Japanic! at the Steelco

U.S. Steel's Mon Valley Works Clairton Plant and Clairton Coke Works facility in Clairton, Pennsylvania, on Monday, September 11, 2023. (Photo by Thomas O'Neill/NurPhoto/Getty Images)

Happy New Year. While most of us were holiday hibernating, venerable steelmaker and longstanding champion of American economic nationalism U.S. Steel gleefully agreed to be acquired by its onetime nemesis, Japanese multinational Nippon Steel. Since U.S. Steel had been on the auction block since the summer (when Ohio-based Cleveland Cliffs, backed by the United Steelworkers union, initiated an unsolicited buyout that U.S. Steel quickly rejected), the only surprising thing about the sale announcement was the name of the acquirer: Nippon Steel had never been mentioned as a possible suitor. Beyond that, the announcement gave us little to get worked up about. U.S. Steel would keep its name; Nippon Steel would honor existing USW and other contracts; and the merged company was eyeing domestic expansion (to meet an expected increase in steel demand), not painful contraction.

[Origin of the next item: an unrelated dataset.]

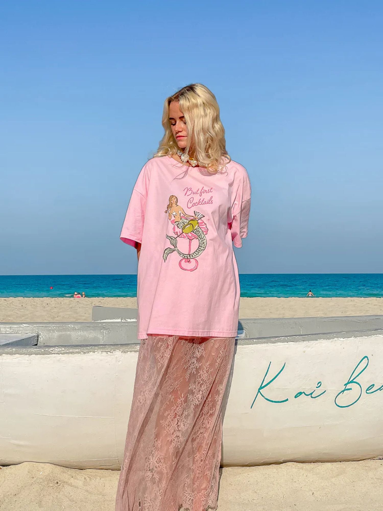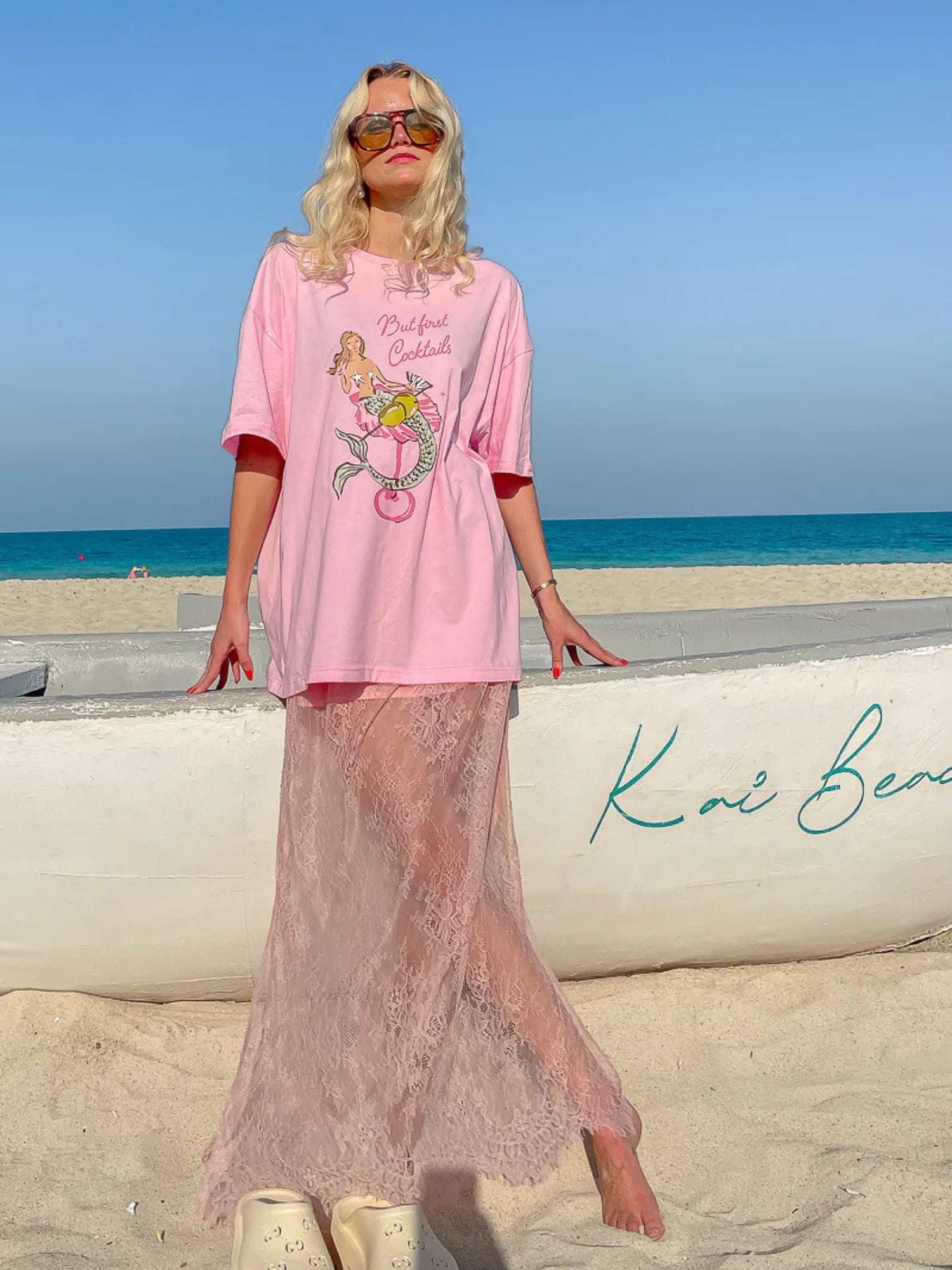 Introducing the Daintree Lace Skirt in a dusty pink colourway. Featuring a stunning intricate lace design with a border detail and side splits. An elastic waistband offers a comfortable fit, and rayon lining to mid thigh makes for more wearability. Pair with our oversized t-shirt designs- Soleil Tee or Mermaid Cocktail Tee.
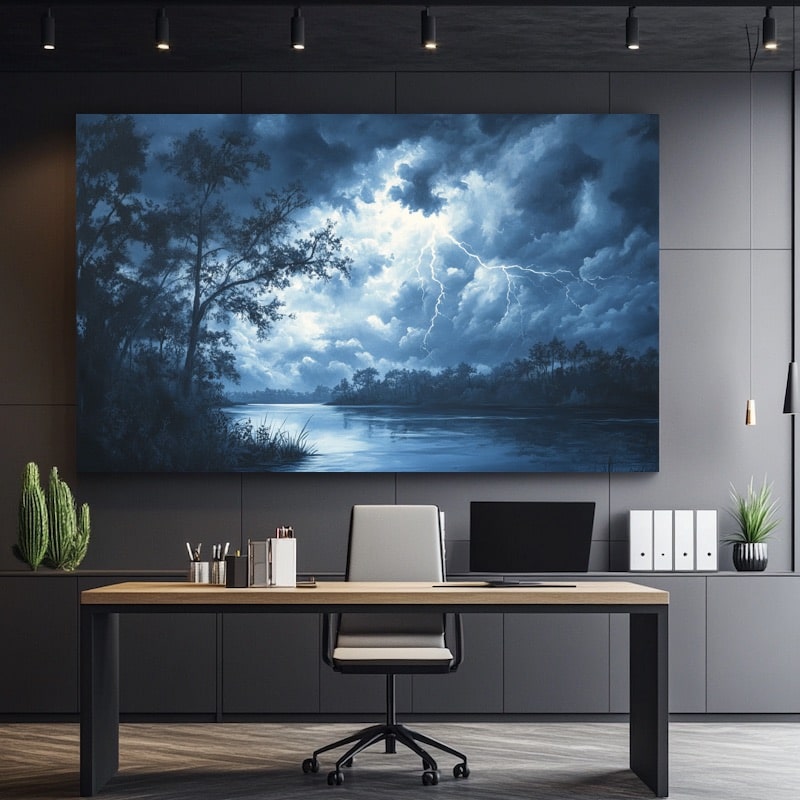This painting reveals a mysterious landscape where the violence of an impending storm mingles with the wild beauty of nature. In a palette of deep, dark tones, the artist has masterfully depicted a tumultuous river winding through towering trees, while ominous clouds laden with electricity overhang the painting. Perfect for lovers of atmospheric paintings, this work will bring a contemplative dimension and emotional depth to your interior space.

Within hours of the announcement, however, people did get worked up. In particular, the USW and a bipartisan cadre of protectionist politicians, wonks, and pundits denounced the deal as undermining national security and the U.S. industrial base, threatening American workers, and revealing fundamental flaws in corporate governance and U.S. regulation, which (supposedly) prioritizes shareholders and managers over the former priorities. A trio of Pennsylvania Democrats (Sens. Bob Casey and John Fetterman, along with Rep. Chris Deluzio) and a trio of “national conservative” Republicans (Sens. J.D. Vance, Marco Rubio, and Josh Hawley) each wrote to Treasury Secretary Janet Yellen, chairwoman of the Committee on Foreign Investment in the United States (CFIUS), to block the transaction because of its “dire” implications for the U.S. industrial base and national security. The pols and pundits were followed by President Biden himself, who—via economic adviser Lael Brainard—didn’t go so far as to oppose the deal but instead pulled the classic Washington move of calling for an “investigation” by CFIUS … while explicitly praising the USW (whose support they think they need in 2024). The union, the Financial Times reported, “welcomed Brainard’s intervention.”